# What to Expect from Marriage Counselor



## takris (Sep 22, 2010)

In the past, my wife have attended numerous retreats and worked with pastoral couselors. Because she suffers from depression, anxiety, insecurities and personality disorders, she has agreed to attend sessions with a licensed marriage couselor. My question is, what should I expect?

Basically, my wife feels that our issues are because she isn't made to feel like she would want to feel. She admits that she is only a responder. In other words, she doesn't say 'I love you' or even treat me favorably unless she is treated well. For me, that's the rub. I have always 'owned' the relationship and cannot continue like this. We've been married for 22 years and I'm running on empty.

Normally, I'm very optimistic. I make sure whe have time together, plan suprises and the weekend away. I've told her that we will have no hope unless she can begin to initiate in some instances, occasionally be happy, etc.

Will a good counselor let her know that she owns the responsibility for contributing to the relationship?

I love her and would like to have a future together, but don't really feel that I've gotten much emotionally from the relationship. I would love to work with a couselor to find ways for me to improve in relating and making her feel secure, but our biggest problem from her perspective is that she considers her actions completely normal. According to her, the husband is the initiator of intimacy, friendliness, happiness, etc.

Should mention that although this might sound callous, my income has been cut to barely six figure during the downturn. I've told her that when it returns next year, if we cannot work things out, we should divorce. then, I would be able to take care of college expenses for our children.


----------



## Chris Taylor (Jul 22, 2010)

First, I wouldn't be making any divorce comments right now. 

When my wife and I went to the marriage counselor, her admonistion was that unless we were working on saving the marriage, not thinking of "what if it didn't work", it wouldn't work.

Expect a good counselor to provide a neutral setting where the discussion can be guided and everyone's issues are heard and discussed.

Also be prepared to hear things that you may be at fault, things that you may feel are unimportant but your wife feels are. You have to be able to understand this and be prepared for changes.

And the same goes for your wife.


----------



## takris (Sep 22, 2010)

Chris Taylor said:


> First, I wouldn't be making any divorce comments right now.

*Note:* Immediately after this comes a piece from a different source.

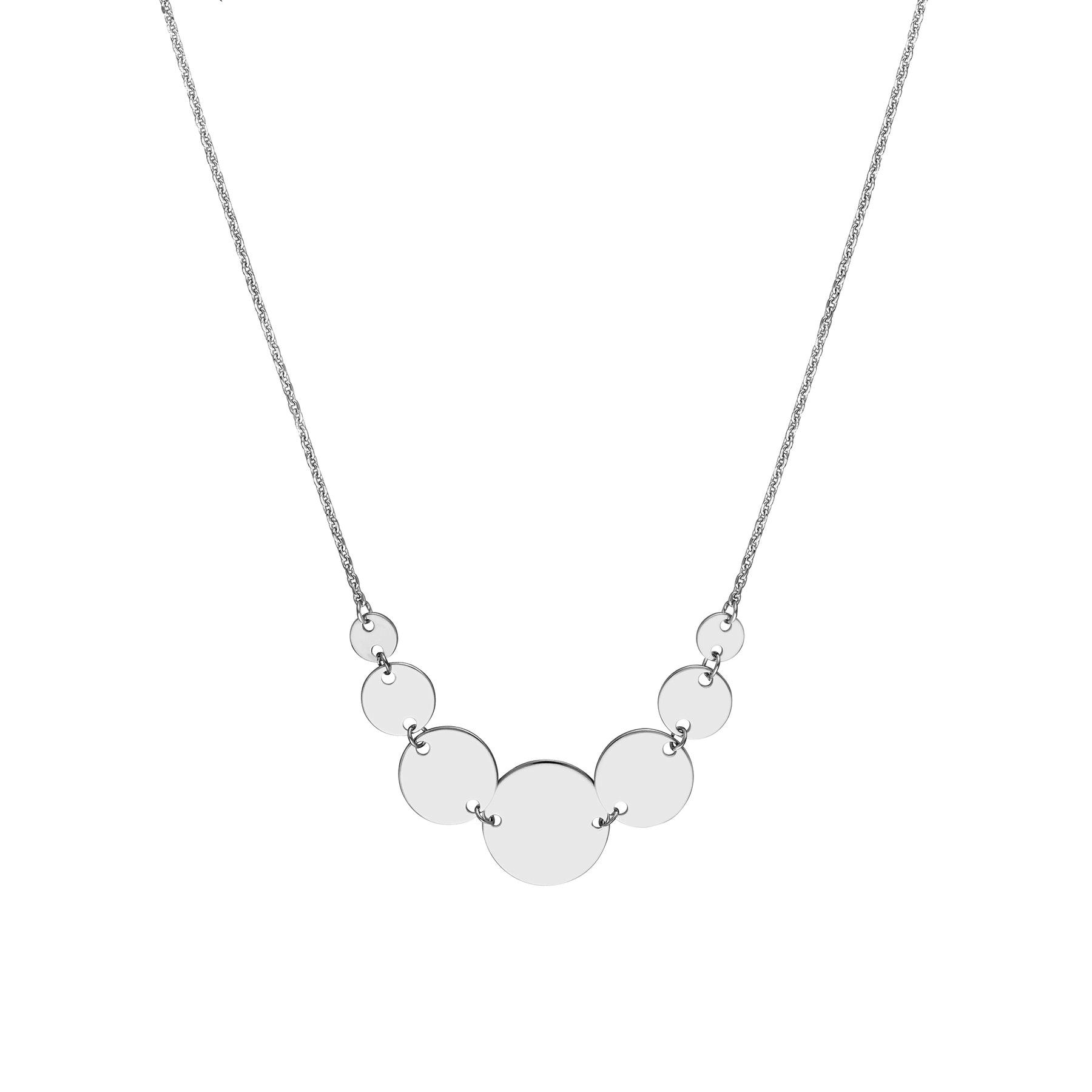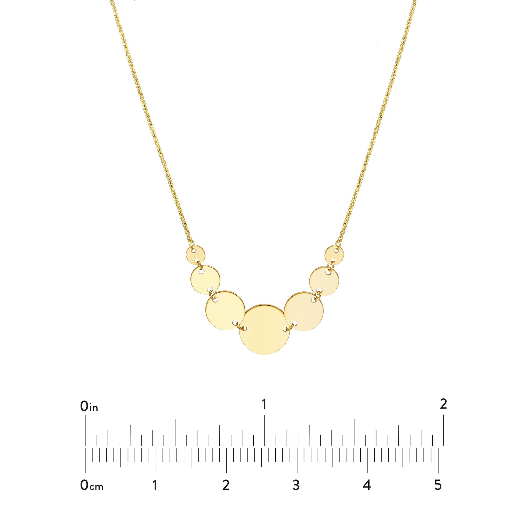 Channel your inner flower child with a boho disc necklace. This adjustable necklace features a graduated disc station in 14K gold.

Your comments are much appreciated. I didn't mention this, but in the early years of her struggle with depression, she often said that I shouldn't blame her if she was forced to find emotional support elsewhere (another man). Then, she used separation/divorce as a threat. Lately, it's been more like we'll just be unhappy forever. 

This was the first time for me, but I felt that she needed to understand that inaction is not an option. 

It has been a while since she was suicidal, but she still displays the traits of borderline personality disorder. In other words, she is deeply resentful of both myself and our son, but doesn't really know why. She says that her mind tells her evil things.


----------